▶ Task description: Reproduce word for word the lines of the listing from the first one through the one with "ホテルのアイロン台をデスクに。", omitting every picture.

======== Task inputs ========

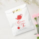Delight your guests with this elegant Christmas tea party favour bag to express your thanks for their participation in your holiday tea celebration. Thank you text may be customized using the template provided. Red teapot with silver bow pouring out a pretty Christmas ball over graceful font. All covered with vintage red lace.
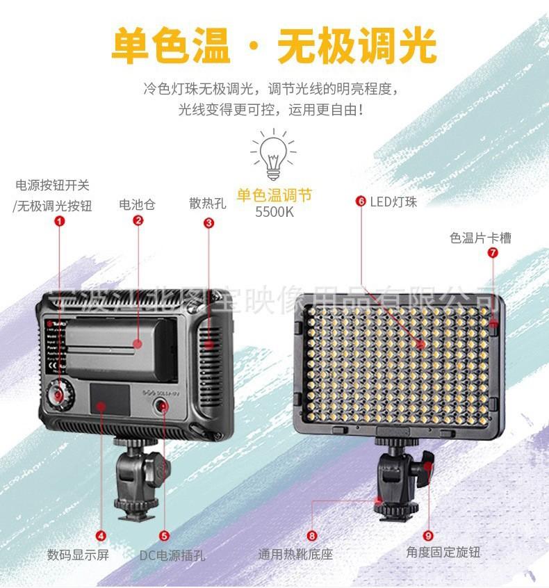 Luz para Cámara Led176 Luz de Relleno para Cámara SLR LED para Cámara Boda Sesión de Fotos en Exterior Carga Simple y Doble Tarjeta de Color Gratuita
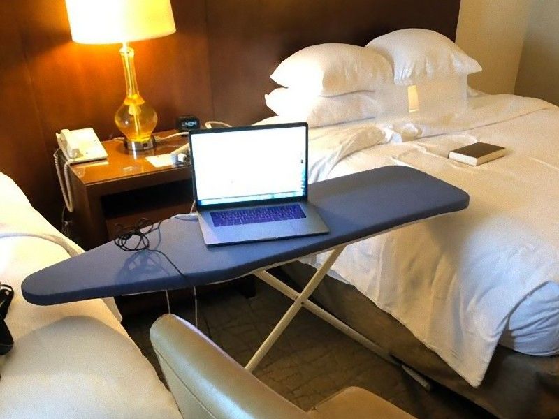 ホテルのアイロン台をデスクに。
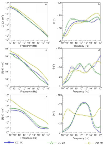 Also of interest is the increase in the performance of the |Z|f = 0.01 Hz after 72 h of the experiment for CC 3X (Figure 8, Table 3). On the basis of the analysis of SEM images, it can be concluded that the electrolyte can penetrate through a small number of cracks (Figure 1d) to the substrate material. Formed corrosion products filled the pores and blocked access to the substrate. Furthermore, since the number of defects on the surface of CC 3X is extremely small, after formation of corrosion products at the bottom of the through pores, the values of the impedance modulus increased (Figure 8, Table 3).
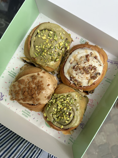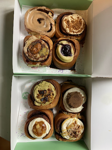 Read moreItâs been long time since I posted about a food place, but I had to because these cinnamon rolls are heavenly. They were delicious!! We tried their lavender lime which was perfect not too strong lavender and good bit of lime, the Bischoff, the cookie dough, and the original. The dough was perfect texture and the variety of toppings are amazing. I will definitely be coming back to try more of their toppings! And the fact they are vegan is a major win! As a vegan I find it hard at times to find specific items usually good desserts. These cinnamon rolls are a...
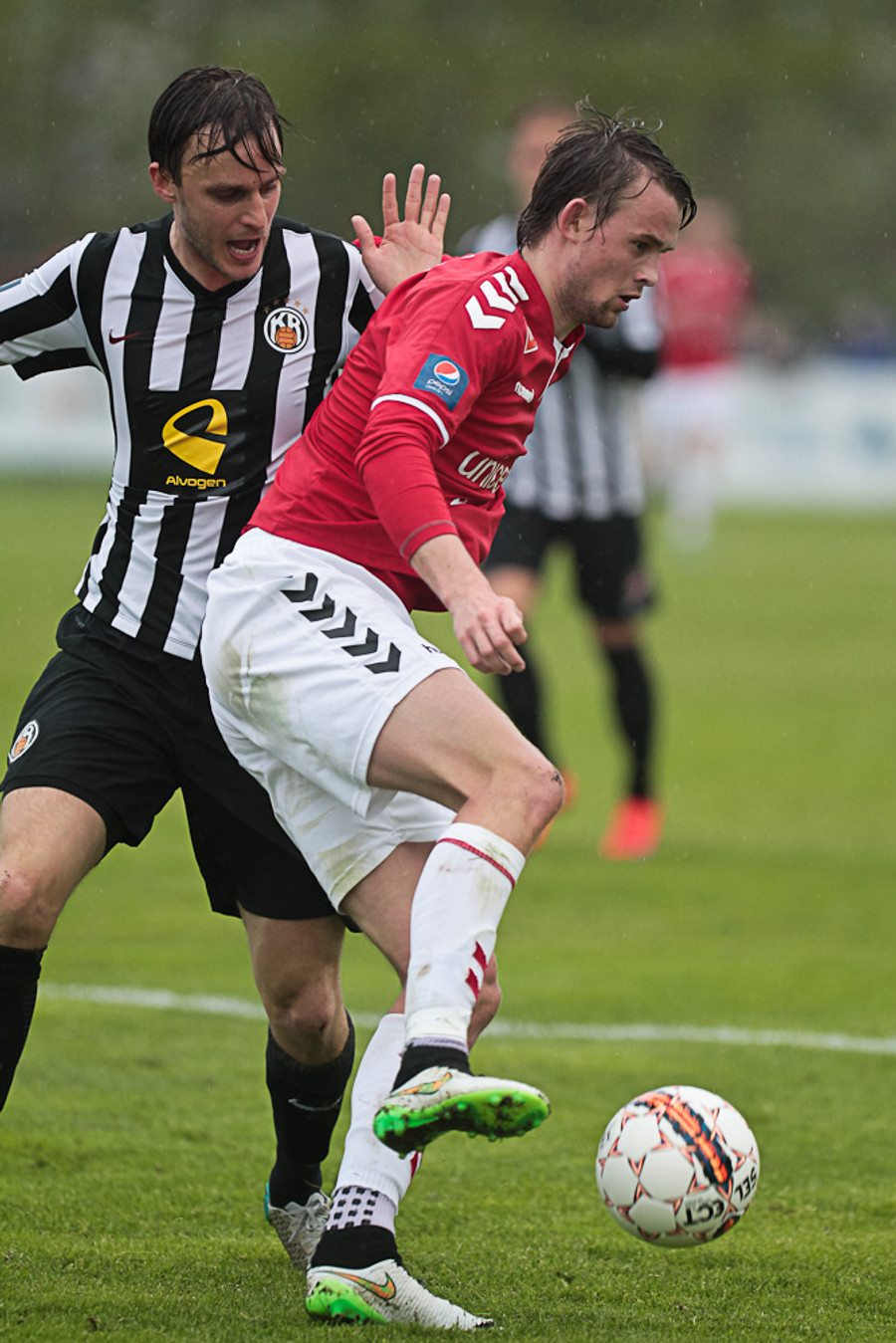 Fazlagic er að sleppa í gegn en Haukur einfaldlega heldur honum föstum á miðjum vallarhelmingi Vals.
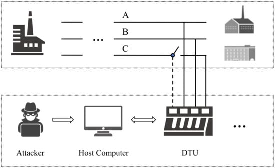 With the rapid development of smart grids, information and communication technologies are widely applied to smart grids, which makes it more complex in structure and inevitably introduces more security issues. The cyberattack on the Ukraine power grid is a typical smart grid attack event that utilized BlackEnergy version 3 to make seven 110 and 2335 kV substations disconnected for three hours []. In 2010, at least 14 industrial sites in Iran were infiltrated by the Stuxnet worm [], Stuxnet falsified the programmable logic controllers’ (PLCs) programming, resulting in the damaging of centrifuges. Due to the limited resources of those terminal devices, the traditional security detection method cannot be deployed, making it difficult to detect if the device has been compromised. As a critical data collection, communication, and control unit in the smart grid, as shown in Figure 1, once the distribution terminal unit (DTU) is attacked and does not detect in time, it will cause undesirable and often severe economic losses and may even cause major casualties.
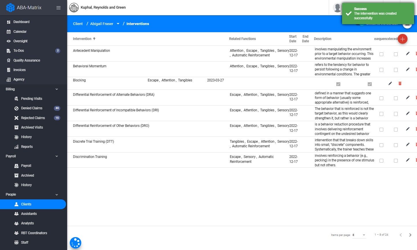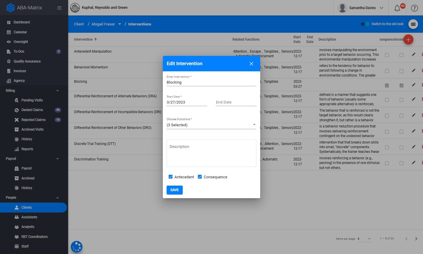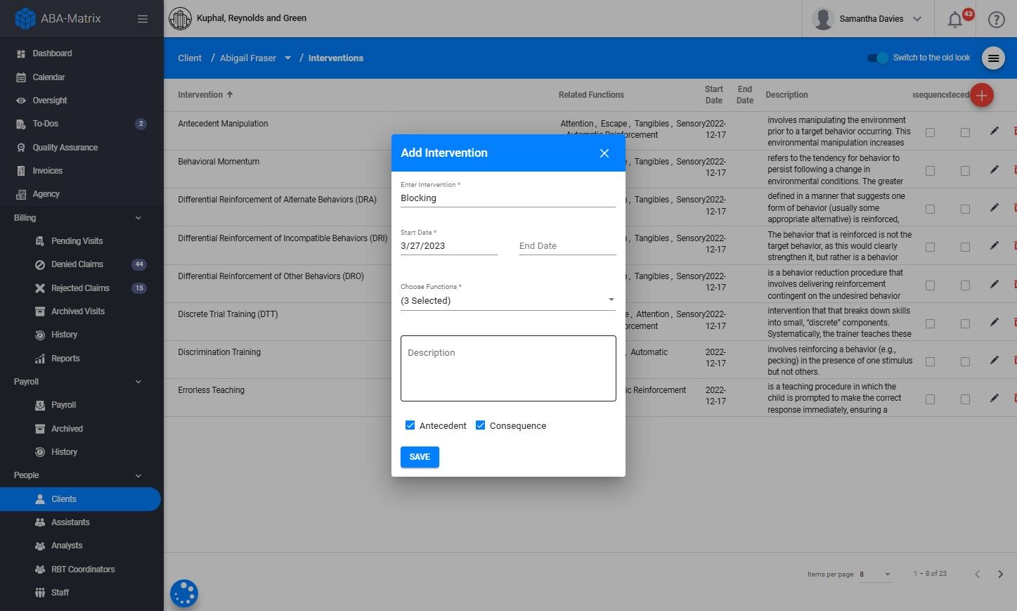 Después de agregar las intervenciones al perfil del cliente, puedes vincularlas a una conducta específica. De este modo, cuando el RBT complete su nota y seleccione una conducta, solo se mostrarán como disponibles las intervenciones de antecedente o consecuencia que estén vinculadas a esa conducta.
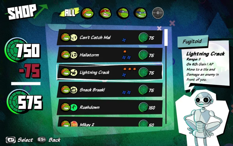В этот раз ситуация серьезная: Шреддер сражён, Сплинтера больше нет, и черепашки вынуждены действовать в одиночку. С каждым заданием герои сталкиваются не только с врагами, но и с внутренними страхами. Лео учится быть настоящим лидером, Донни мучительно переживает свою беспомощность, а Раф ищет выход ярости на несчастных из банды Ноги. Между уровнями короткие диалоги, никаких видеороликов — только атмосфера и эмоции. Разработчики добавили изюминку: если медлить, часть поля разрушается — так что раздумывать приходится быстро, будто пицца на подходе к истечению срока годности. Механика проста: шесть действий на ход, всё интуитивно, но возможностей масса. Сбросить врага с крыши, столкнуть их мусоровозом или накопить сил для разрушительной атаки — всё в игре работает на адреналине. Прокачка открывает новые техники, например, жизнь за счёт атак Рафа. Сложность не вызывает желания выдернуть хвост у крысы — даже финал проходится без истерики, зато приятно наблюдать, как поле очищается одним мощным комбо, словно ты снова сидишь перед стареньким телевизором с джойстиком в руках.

========

▶ Result of this task:
Delight your guests with this elegant Christmas tea party favour bag to express your thanks for their participation in your holiday tea celebration. Thank you text may be customized using the template provided. Red teapot with silver bow pouring out a pretty Christmas ball over graceful font. All covered with vintage red lace.
 Luz para Cámara Led176 Luz de Relleno para Cámara SLR LED para Cámara Boda Sesión de Fotos en Exterior Carga Simple y Doble Tarjeta de Color Gratuita
 ホテルのアイロン台をデスクに。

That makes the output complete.